Last week, it was revealed that the state Highway Patrol gave a federal Social Security fraud investigator a list of all Missourians with concealed carry permits to use in an investigation to determine whether anyone who had met the requirements for a concealed carry permit was fraudulently receiving benefits based on a mental disability.
Officials have said the agent was not able to open the document and dropped his investigation after discussing it with his superiors, but documents released this week further reveal that the investigation was a partnership with the Bureau of Alcohol, Tobacco, Firearms and Explosives, which was trying to determine whether anyone knowingly concealing a mental disability had illegally obtained a concealed carry permit.
“Quite a bit more happened than they told us,” Schaefer said. He accused the investigators of attempting to create a “front door gun list.”
medicaid expansion
For Nixon, the ongoing dispute is a distraction from his efforts to persuade the Legislature to approve an expansion of Missouri’s Medicaid program. Under the federal Affordable Care Act, the state could expand the health care program for the poor to cover some 300,000 additional Missourians with most of the costs going to the federal government.
Missouri’s Republican-led Legislature has repeatedly balked at the proposal, mostly because of the expansion’s reliance on the federal government.
On Tuesday, Nixon rallied with hundreds of Medicaid expansion supporters in the Capitol rotunda — one of the largest crowds at the Capitol this session.
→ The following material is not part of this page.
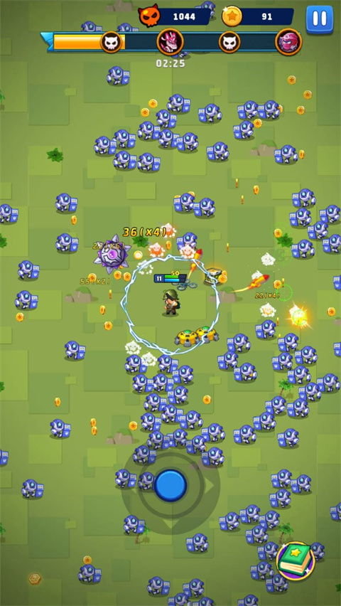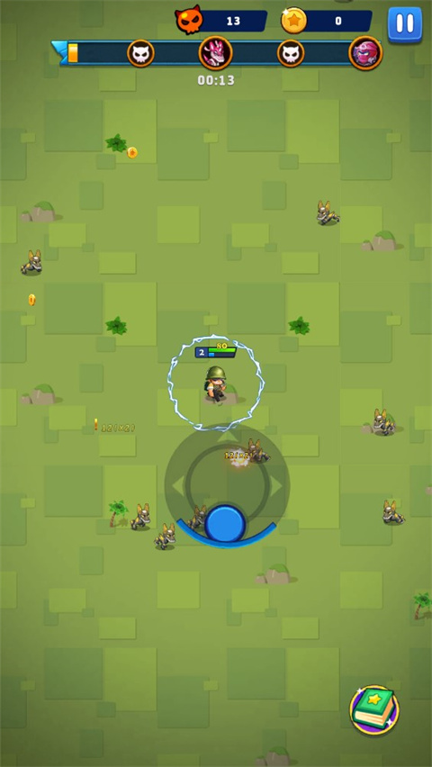 4、通过滑动屏幕来控制角色的移动方向,你需要在这个超大的地图中消灭大量的敌人,保卫世界;

After the rally, Nixon said Republicans are raising issues with the Department of Revenue to “divert the attention of the public from what needs to get done over the next five weeks.”
But tensions over the Revenue Department are unlikely to die down soon.
House Speaker Tim Jones, R-Eureka, has called on the state attorney general’s office to appoint an independent panel to investigate the Department of Revenue and its handling of private information.
Dempsey sent a letter to the department on Monday demanding that it “cease and desist” the scanning of source documents for drivers licenses. Meanwhile, the state auditor has launched an audit of the Revenue Department, and House and Senate committees continue to hold hearings into the matter.